(DATA SUPPLIED begins)

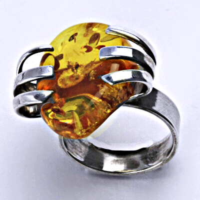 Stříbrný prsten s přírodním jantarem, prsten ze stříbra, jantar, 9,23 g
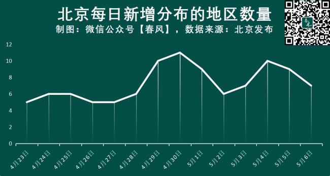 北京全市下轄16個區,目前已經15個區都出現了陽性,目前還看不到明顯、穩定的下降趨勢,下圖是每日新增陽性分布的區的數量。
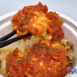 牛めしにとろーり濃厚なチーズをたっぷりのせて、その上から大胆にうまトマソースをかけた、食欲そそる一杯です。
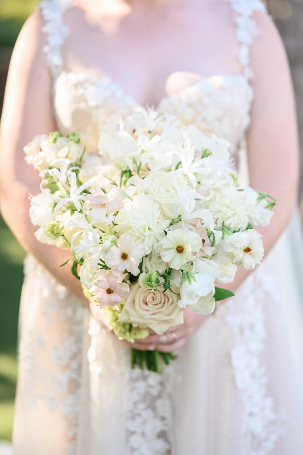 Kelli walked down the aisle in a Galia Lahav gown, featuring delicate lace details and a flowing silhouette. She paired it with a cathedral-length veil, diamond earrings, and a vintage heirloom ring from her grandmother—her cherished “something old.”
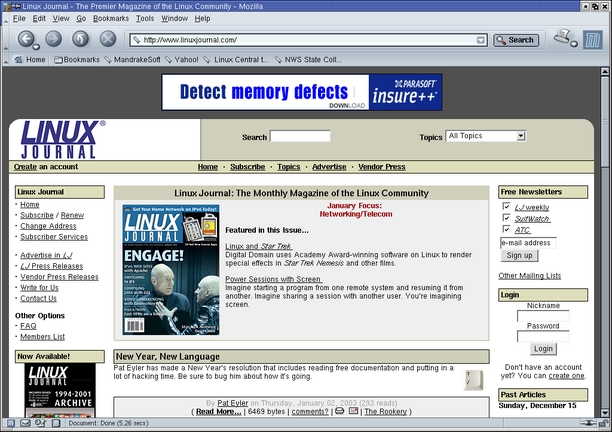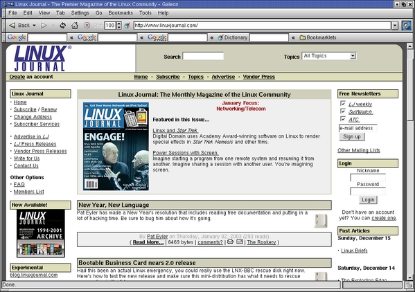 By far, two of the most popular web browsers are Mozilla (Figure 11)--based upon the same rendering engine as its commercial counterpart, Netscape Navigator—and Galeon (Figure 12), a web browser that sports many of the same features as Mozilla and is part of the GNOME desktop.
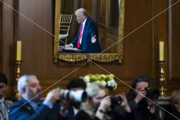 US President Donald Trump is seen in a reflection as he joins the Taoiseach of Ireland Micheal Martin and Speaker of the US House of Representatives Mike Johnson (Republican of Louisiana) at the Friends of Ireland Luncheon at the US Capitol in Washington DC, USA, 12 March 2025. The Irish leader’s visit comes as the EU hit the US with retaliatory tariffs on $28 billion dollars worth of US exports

(DATA SUPPLIED ends)
(DATA SUPPLIED begins)

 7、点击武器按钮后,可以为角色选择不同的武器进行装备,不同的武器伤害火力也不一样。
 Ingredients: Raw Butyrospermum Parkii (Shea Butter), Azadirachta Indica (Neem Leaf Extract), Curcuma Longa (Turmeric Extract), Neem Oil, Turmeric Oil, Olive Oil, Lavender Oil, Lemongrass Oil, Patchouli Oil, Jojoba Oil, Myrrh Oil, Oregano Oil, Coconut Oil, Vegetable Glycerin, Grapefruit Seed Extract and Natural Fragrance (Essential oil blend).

(DATA SUPPLIED ends)

PROBLEM TO WORK ON: Using the data above, transcribe exactly the lines between those containing "Stříbrný prsten s" and "牛めしにとろーり濃厚なチーズ", inclusive, and leave every picture behind.

SOLUTION FOR THIS TASK:
 Stříbrný prsten s přírodním jantarem, prsten ze stříbra, jantar, 9,23 g
 北京全市下轄16個區,目前已經15個區都出現了陽性,目前還看不到明顯、穩定的下降趨勢,下圖是每日新增陽性分布的區的數量。
 牛めしにとろーり濃厚なチーズをたっぷりのせて、その上から大胆にうまトマソースをかけた、食欲そそる一杯です。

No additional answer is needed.